━━━ Collected data ━━━

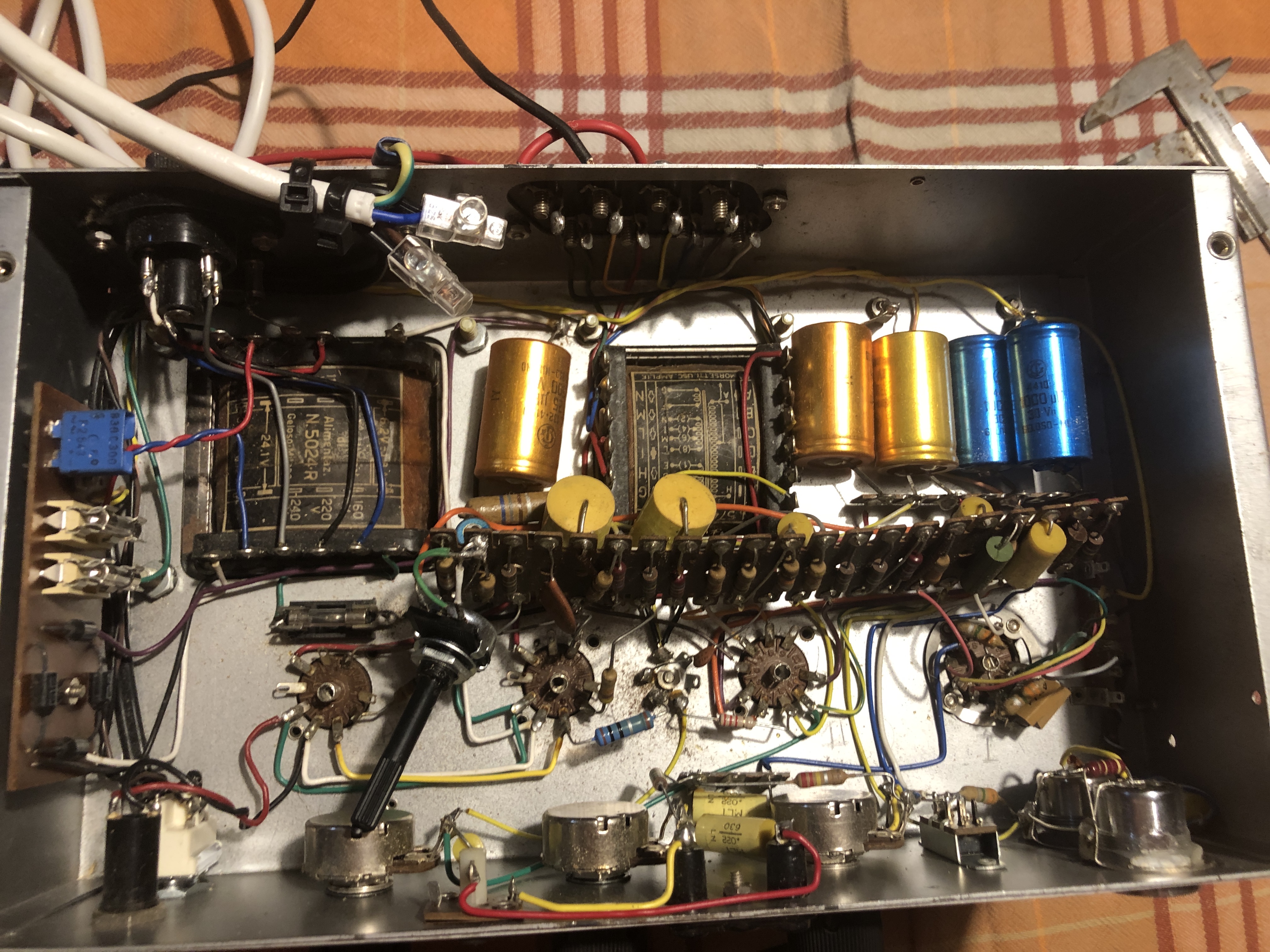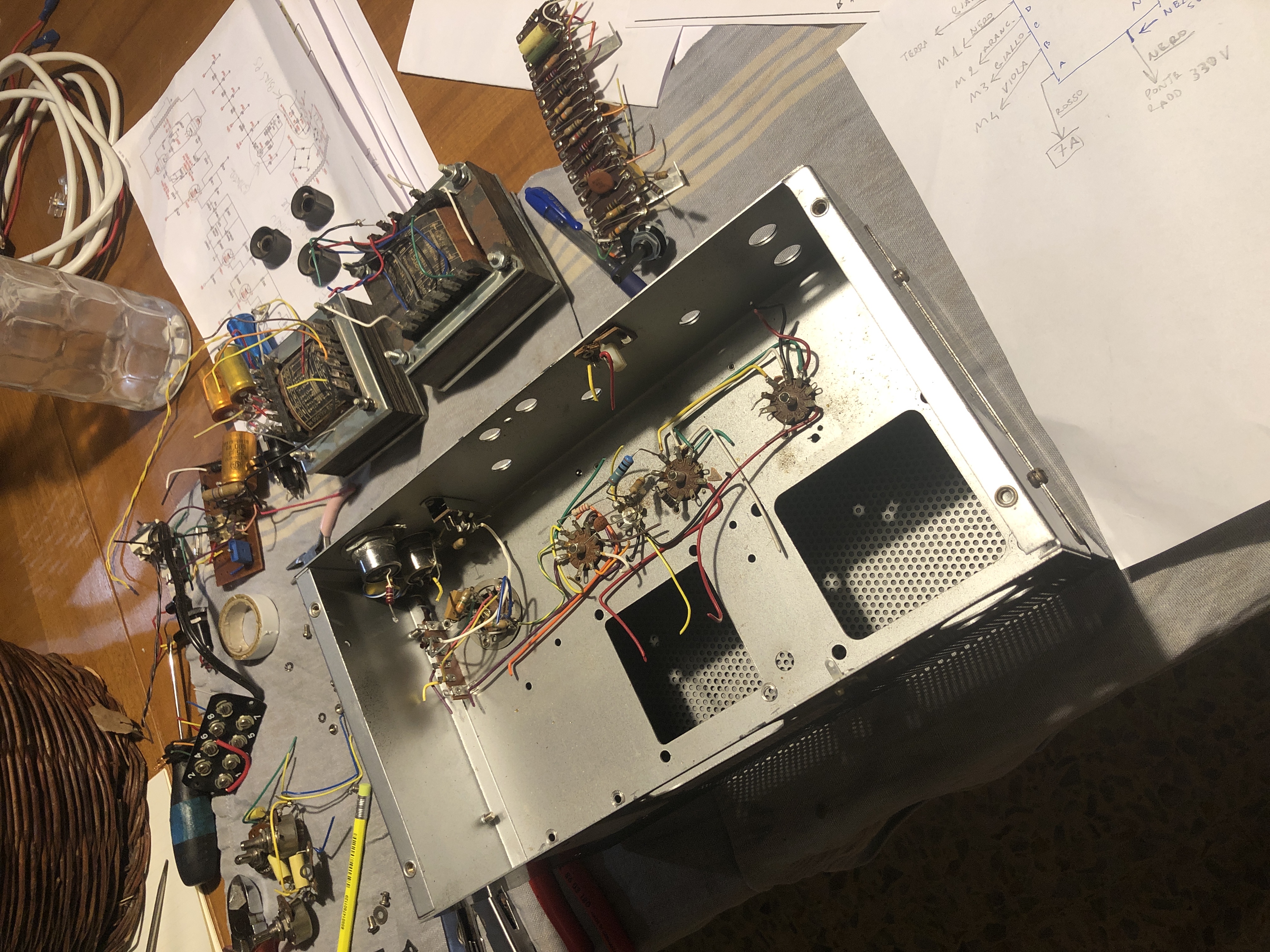 Sto pensando se a questo punto convenga smontare dallo chassis tutto il possibile ( dopo aver fotografato bene) per poi reiniziare a forare per per i nuovi componenti e poi a montare/ saldare le parti più in basso che sono più scomode, oppure conviene non smontare tutto bensì fare un settore per volta. Mi pare però che di vecchio rimangano solo i trasformatori e le basette delle valvole, tutto il resto se ne va, cablaggio compreso.
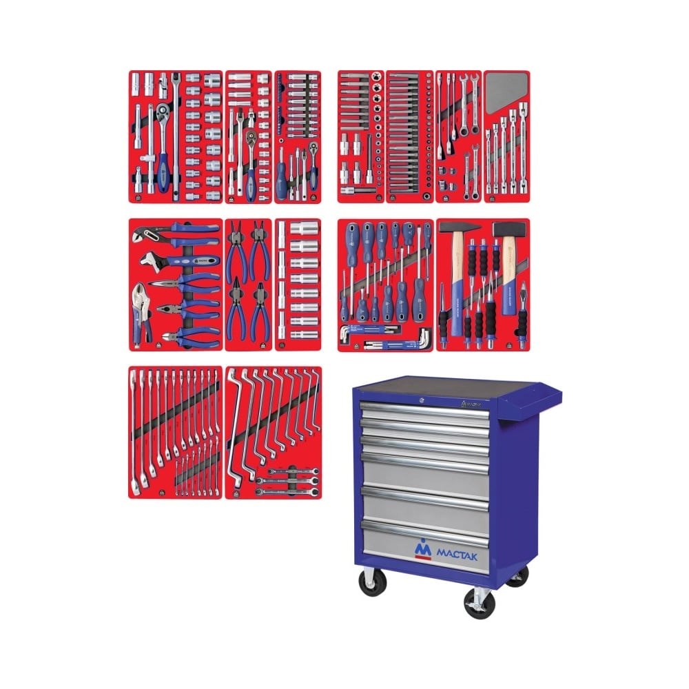 Набор инструментов ЛИДЕР 270 предметов МАСТАК 52-06270B в синей тележке поможет справиться с любыми работами в автомастерской. Комплект включает в себя головки на три основных размера посадочного квадрата, комбинированные ключи и многое другое. Инструменты поставляются в металлическом ящике на колесах, что упрощает хранение и перемещение оборудования. Для сохранности содержимого имеется центральный замок. Все инструменты разделены на 14 ложементов. Размеры полок: Полка 1-3: 580 х 406 х 75; Полка 4-6: 580 х 406 х 150.
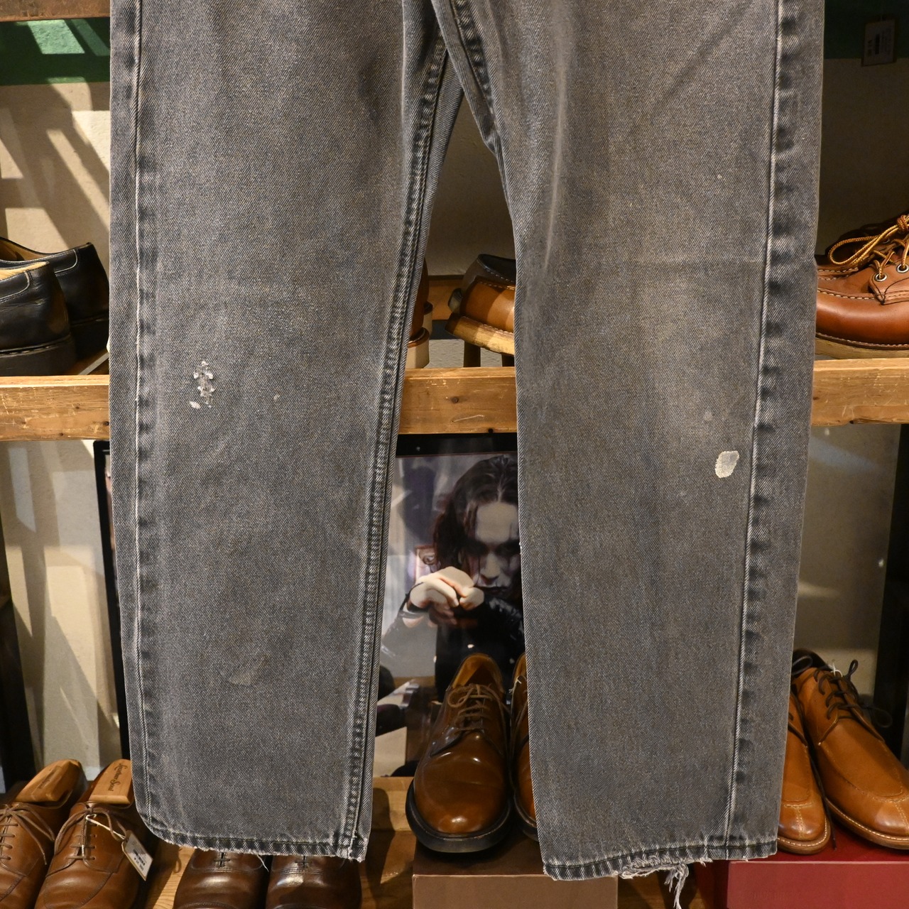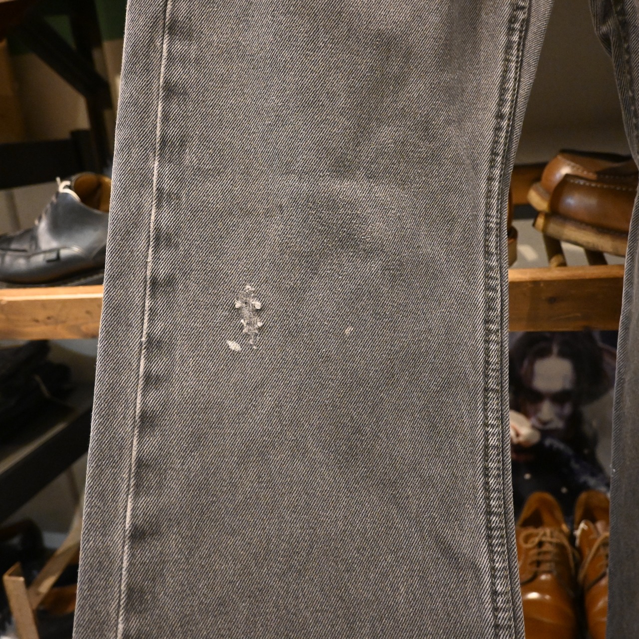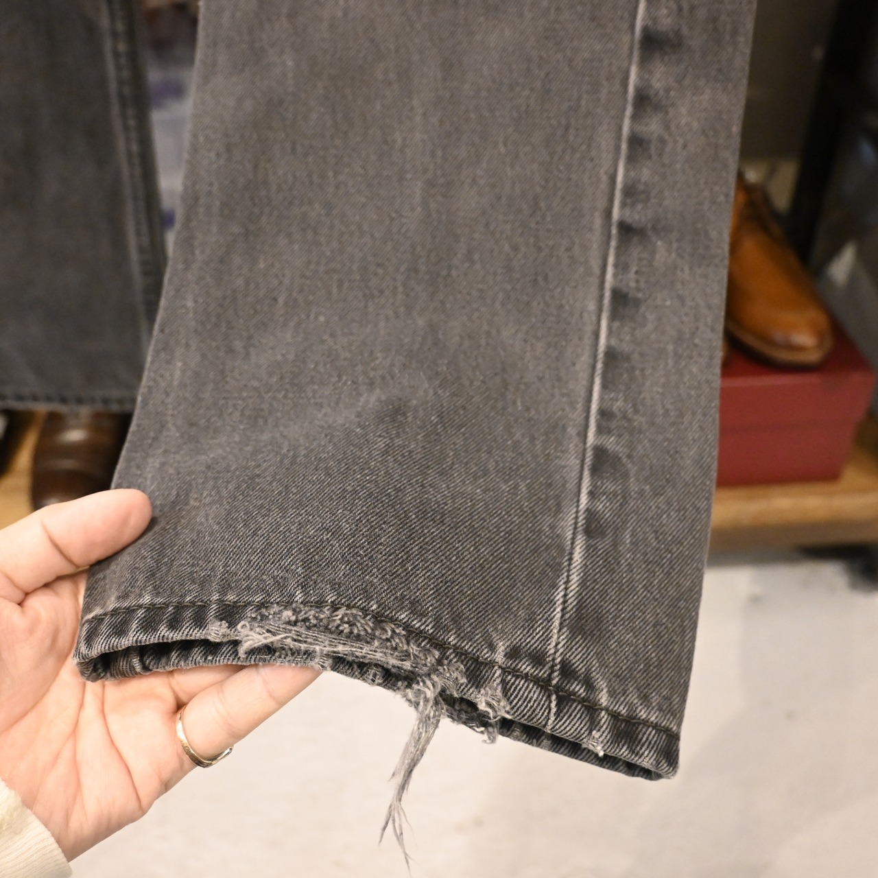 全体にフェードしたブラックデニムの風合いが抜群で、経年変化によるグレーがかったトーンがヴィンテージらしい一本。

━━━

Try it
The data above must be given again in full and unaltered, minus its images.

Task output
 Sto pensando se a questo punto convenga smontare dallo chassis tutto il possibile ( dopo aver fotografato bene) per poi reiniziare a forare per per i nuovi componenti e poi a montare/ saldare le parti più in basso che sono più scomode, oppure conviene non smontare tutto bensì fare un settore per volta. Mi pare però che di vecchio rimangano solo i trasformatori e le basette delle valvole, tutto il resto se ne va, cablaggio compreso.
 Набор инструментов ЛИДЕР 270 предметов МАСТАК 52-06270B в синей тележке поможет справиться с любыми работами в автомастерской. Комплект включает в себя головки на три основных размера посадочного квадрата, комбинированные ключи и многое другое. Инструменты поставляются в металлическом ящике на колесах, что упрощает хранение и перемещение оборудования. Для сохранности содержимого имеется центральный замок. Все инструменты разделены на 14 ложементов. Размеры полок: Полка 1-3: 580 х 406 х 75; Полка 4-6: 580 х 406 х 150.
 全体にフェードしたブラックデニムの風合いが抜群で、経年変化によるグレーがかったトーンがヴィンテージらしい一本。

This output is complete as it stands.